*** MATERIAL FOR THE TASK

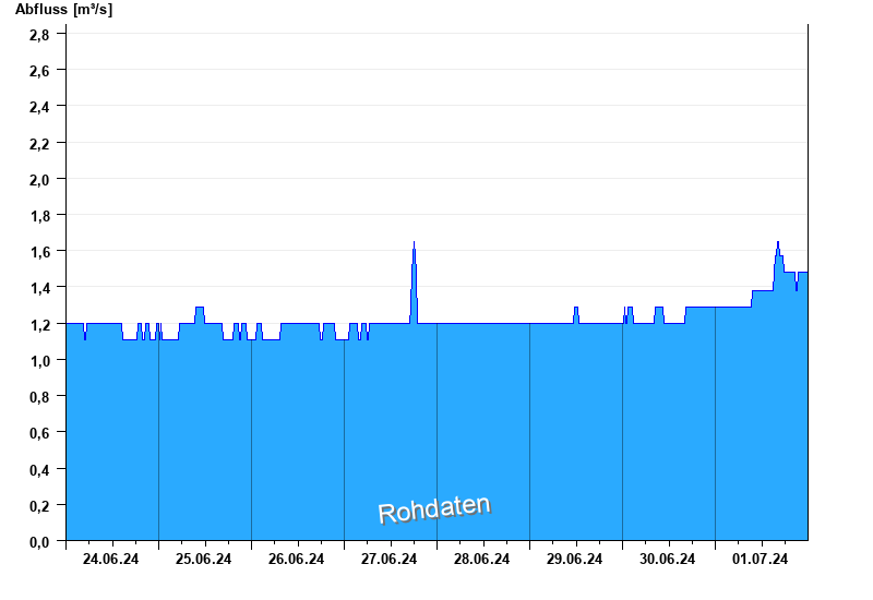 Abfluss durch starke Verkrautung behindert; Abflusswerte unsicher
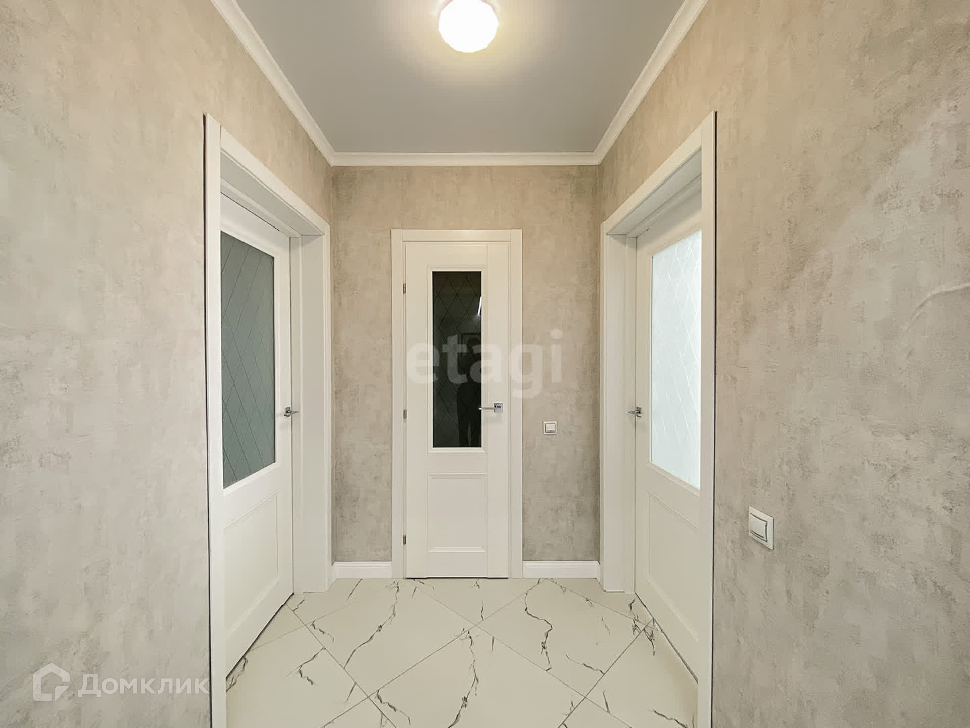 - Полы ламинат, в коридоре керамогранит, потолки натяжные
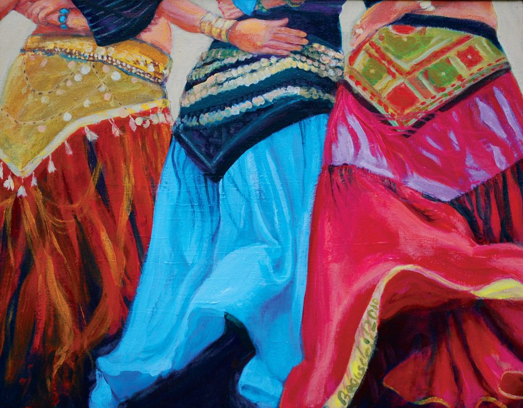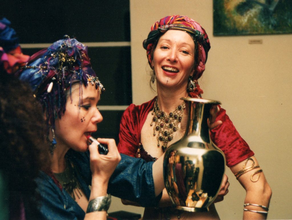 There is a sense of vitality and nourishment that comes from dancing.  The more you allow your body to dance, the more it loves you.  The movements provide an internal massage for all your glands and organs.  They stretch and strengthen muscles, keep the blood circulating throughout your body and are a source of grounding.  They let your body know it’s good to be alive.  We may enter the studio feeling tired after a long day, but when we leave after a night of dancing, we are revitalized (and often ravenously hungry!) Pasha, one of our drummers, says that the dance has brought new passion and vitality to his relationship with his wife.  Those of us with partners know this to be true.  A woman’s body becomes enlivened when she dances.  As the oxygenated blood in the body circulates, it activates all the cells in the body.  Some of the movements of the dance, particularly those involving the hips and pelvis, are much like the movements of sex.  Once the juices start flowing, it is a natural progression from dancing and drumming to lovemaking.
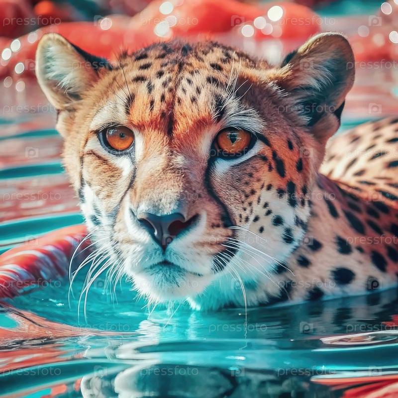 Гепард плавает в бассейне летом
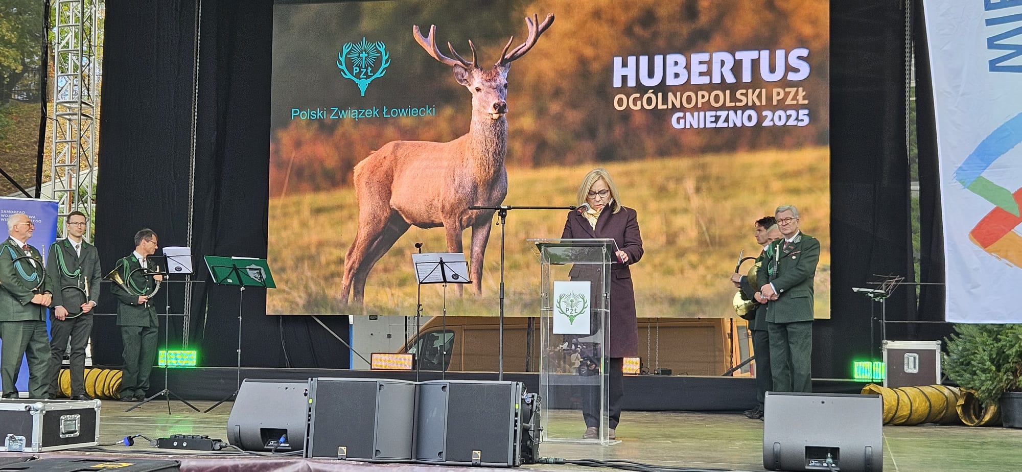 – Tak samo jak święty Hubert zmieniamy swoje podejście do przyrody – mówiła. – Nie czerpiemy już z niej pełnymi garściami, dążymy do równowagi i ochrony. Bojaźliwy respekt zyskuje nowy wymiar – realnej troski o środowisko. Polski Związek Łowiecki ma w tym wymiarze do odegrania swoją niezwykle ważną rolę.
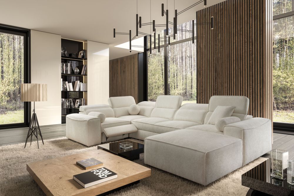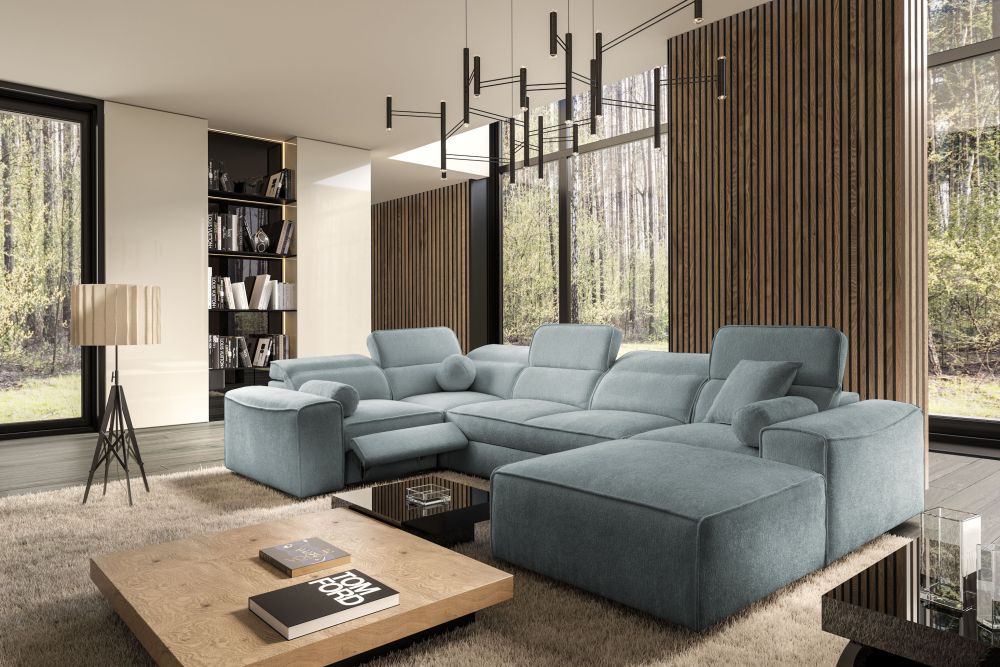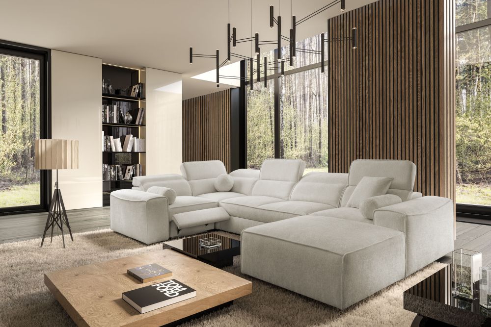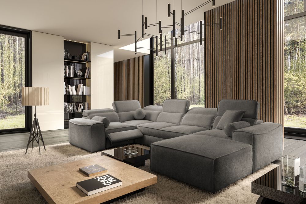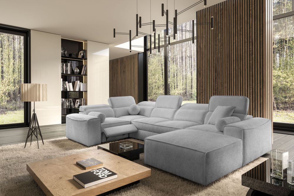 Zapytaj o produktOlbrzymi narożnik U z podnóżkiem elektrycznym z funkcją spania CHARLES 4
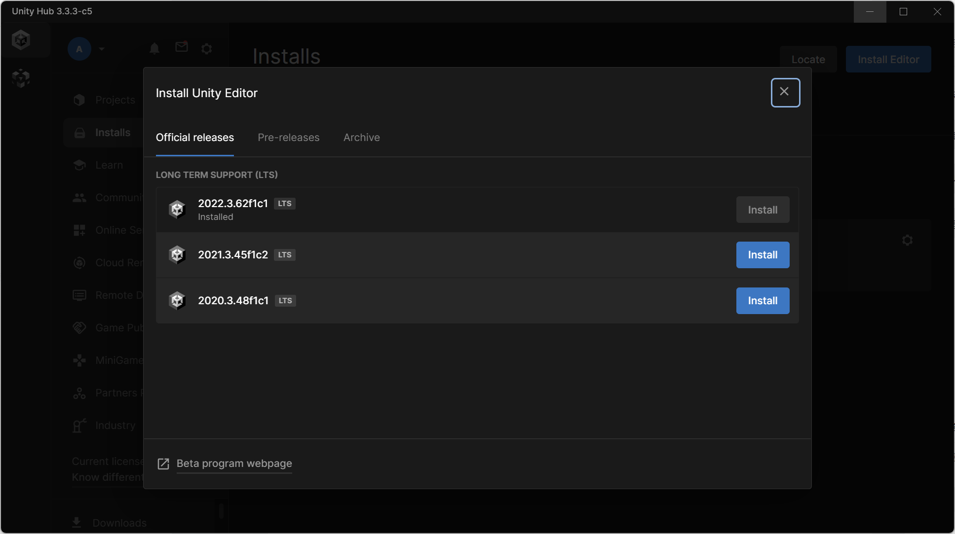 市面上可以开发3D游戏的引擎有许多,例如UE5、unity、Armory3D等等很多很多,而unity是比较容易上手的,而且教程不输于其他的开发引擎,我们选定的开发环境为:Unity 2022.3.62f1c1版本,如果你是初学者想一步一步学习基础,可以安装最新稳定版,我们平常学习使用的unity是有开屏动画的,如果想要取消,那么就需要进入公司或者大厂开发,获取unity定制版。
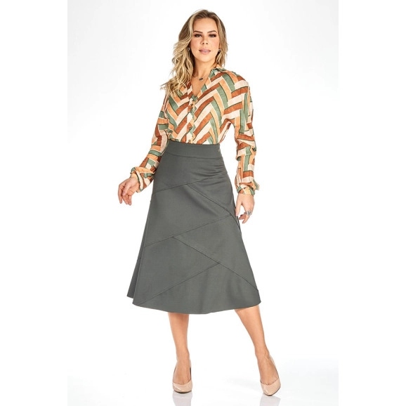Produto: Saia Midi Evasê Verde Via Tolentino com fechamento em zíper lateral, confeccionada em 94% Poliester 6% Elastano. As saias midi são super versáteis, podendo criar looks dos mais clássicos aos mais despojados.
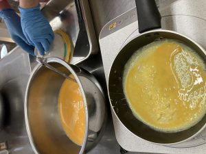 オムライスの卵シートを1枚ずつ焼いています🍳
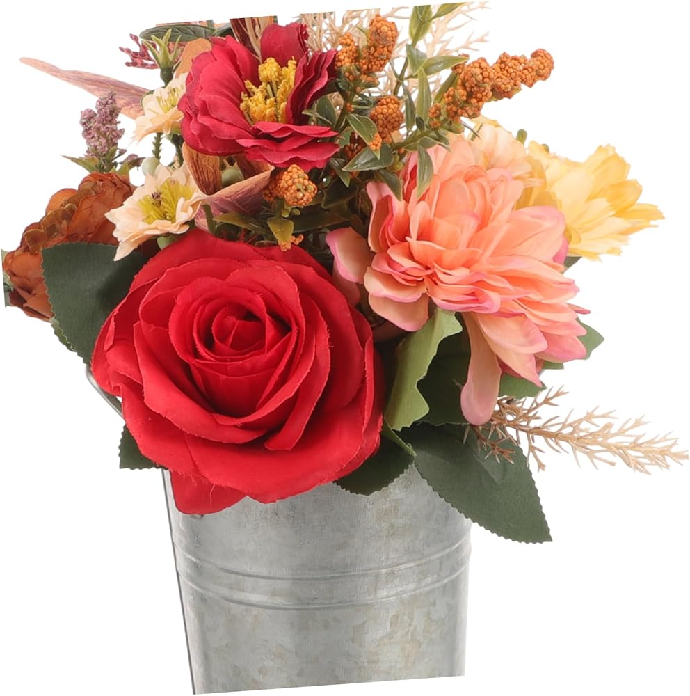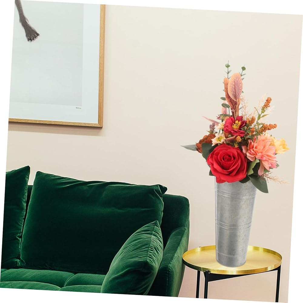 - Made of iron material, with sturdy construction, it's resistant to rain and water plants pot bucket.
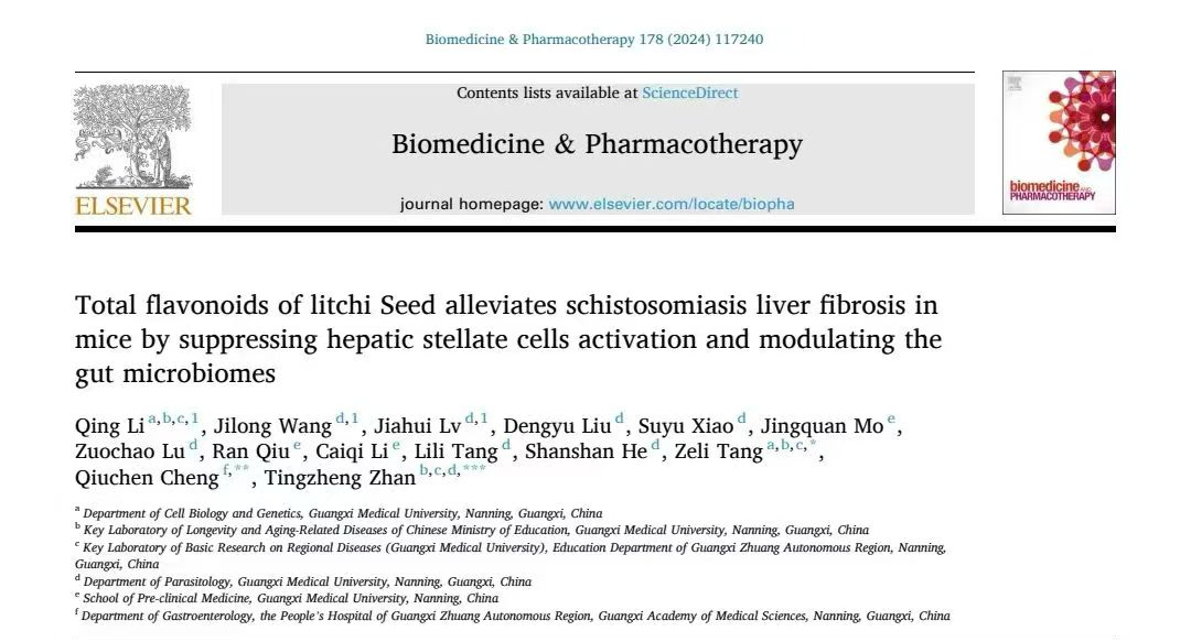 近日,公司战廷正副教授团队在国际药学科学期刊《Biomedicine & Pharmacotherapy》(IF:6.9,Q1,中科院药学一区,TOP期刊)上,发表题为“Total flavonoids of litchi Seed alleviates schistosomiasis liver fibrosis in mice by suppressing hepatic stellate cells activation and modulating the gut microbiomes”的最新研究成果。
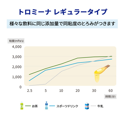 ●粘度変化が少なく、まとまりのある安定したとろみになります。
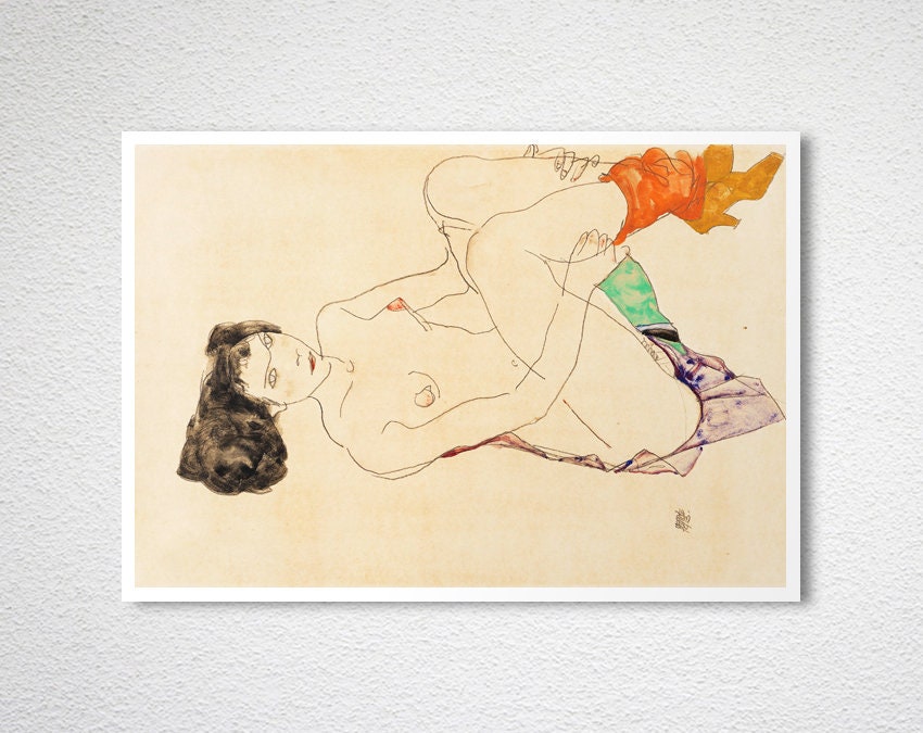 Reclining Woman with Shoes and Stockings by Egon Schiele Fine Art Print - Poster Paper or Canvas Print / Gift Idea
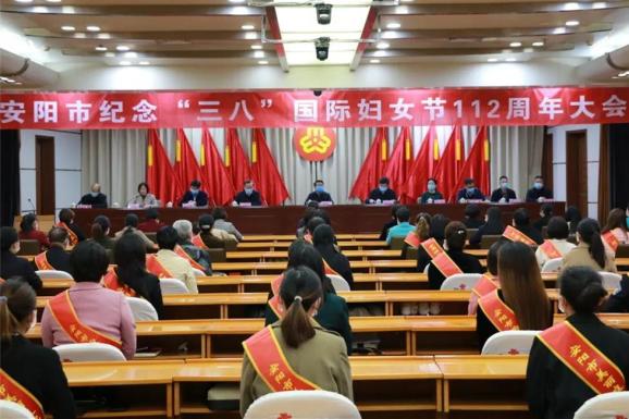 3月8日,安阳市妇联举行纪念“三八”国际妇女节112周年大会。市委副书记、市纪委书记、市监委主任黄明海出席会议并讲话。会上为获得全国维护妇女儿童权益先进个人(集体)、全国“最美家庭”、河南省家风家教示范基地、河南省示范“四组一队”、河南省“最美家庭”、安阳市三八红旗手(集体)等颁发了奖牌和荣誉证书。各县(市、区)妇联主席,受表扬的先进个人(集体)代表等近百人参加会议。
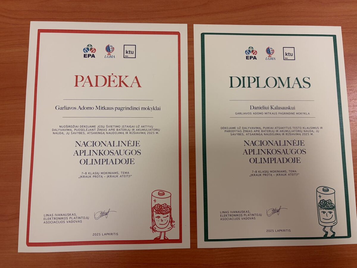 Dėkojame Danieliui Kalasauskui už dalyvavimą Nacionalinėje Aplinkosaugos olimpiadoje ir mokytojoms Irenai Jonelienei bei Janinai Stanaitienei už mokinių skatinimą dalyvauti ir jų paruošimą

******

TASK ITEM >> Would you transcribe the lines above exactly, going from the line bearing "市面上可以开发3D游戏的引擎" through the line bearing "オムライスの卵シートを1枚ずつ焼いています🍳", and drop the pictures from the copy?

ANSWER FOR THIS EXERCISE >>
 市面上可以开发3D游戏的引擎有许多,例如UE5、unity、Armory3D等等很多很多,而unity是比较容易上手的,而且教程不输于其他的开发引擎,我们选定的开发环境为:Unity 2022.3.62f1c1版本,如果你是初学者想一步一步学习基础,可以安装最新稳定版,我们平常学习使用的unity是有开屏动画的,如果想要取消,那么就需要进入公司或者大厂开发,获取unity定制版。
Produto: Saia Midi Evasê Verde Via Tolentino com fechamento em zíper lateral, confeccionada em 94% Poliester 6% Elastano. As saias midi são super versáteis, podendo criar looks dos mais clássicos aos mais despojados.
 オムライスの卵シートを1枚ずつ焼いています🍳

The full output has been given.